Your answer must be the listing, given again word for word.

Segment Start: Source data

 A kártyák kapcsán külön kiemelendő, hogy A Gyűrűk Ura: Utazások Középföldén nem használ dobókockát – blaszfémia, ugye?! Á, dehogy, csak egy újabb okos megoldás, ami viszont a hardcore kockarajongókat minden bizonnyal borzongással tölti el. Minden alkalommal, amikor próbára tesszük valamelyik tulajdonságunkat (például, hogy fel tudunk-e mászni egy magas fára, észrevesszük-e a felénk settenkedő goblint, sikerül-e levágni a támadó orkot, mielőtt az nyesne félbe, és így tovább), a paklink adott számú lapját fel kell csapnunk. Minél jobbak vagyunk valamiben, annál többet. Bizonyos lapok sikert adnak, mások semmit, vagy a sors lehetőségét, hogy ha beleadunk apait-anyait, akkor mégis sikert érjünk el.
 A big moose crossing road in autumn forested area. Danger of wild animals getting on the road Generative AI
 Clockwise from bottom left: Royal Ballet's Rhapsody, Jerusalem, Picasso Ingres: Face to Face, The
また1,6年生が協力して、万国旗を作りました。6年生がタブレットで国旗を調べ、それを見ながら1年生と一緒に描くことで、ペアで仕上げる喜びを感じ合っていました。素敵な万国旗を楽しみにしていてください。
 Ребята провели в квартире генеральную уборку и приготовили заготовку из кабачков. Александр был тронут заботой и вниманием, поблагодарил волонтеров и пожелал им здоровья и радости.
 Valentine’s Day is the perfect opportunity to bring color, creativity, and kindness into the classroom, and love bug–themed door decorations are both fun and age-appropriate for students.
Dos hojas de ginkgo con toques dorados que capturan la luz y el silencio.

Segment End: Source data

Answer section >>
 A kártyák kapcsán külön kiemelendő, hogy A Gyűrűk Ura: Utazások Középföldén nem használ dobókockát – blaszfémia, ugye?! Á, dehogy, csak egy újabb okos megoldás, ami viszont a hardcore kockarajongókat minden bizonnyal borzongással tölti el. Minden alkalommal, amikor próbára tesszük valamelyik tulajdonságunkat (például, hogy fel tudunk-e mászni egy magas fára, észrevesszük-e a felénk settenkedő goblint, sikerül-e levágni a támadó orkot, mielőtt az nyesne félbe, és így tovább), a paklink adott számú lapját fel kell csapnunk. Minél jobbak vagyunk valamiben, annál többet. Bizonyos lapok sikert adnak, mások semmit, vagy a sors lehetőségét, hogy ha beleadunk apait-anyait, akkor mégis sikert érjünk el.
 A big moose crossing road in autumn forested area. Danger of wild animals getting on the road Generative AI
 Clockwise from bottom left: Royal Ballet's Rhapsody, Jerusalem, Picasso Ingres: Face to Face, The
また1,6年生が協力して、万国旗を作りました。6年生がタブレットで国旗を調べ、それを見ながら1年生と一緒に描くことで、ペアで仕上げる喜びを感じ合っていました。素敵な万国旗を楽しみにしていてください。
 Ребята провели в квартире генеральную уборку и приготовили заготовку из кабачков. Александр был тронут заботой и вниманием, поблагодарил волонтеров и пожелал им здоровья и радости.
 Valentine’s Day is the perfect opportunity to bring color, creativity, and kindness into the classroom, and love bug–themed door decorations are both fun and age-appropriate for students.
Dos hojas de ginkgo con toques dorados que capturan la luz y el silencio.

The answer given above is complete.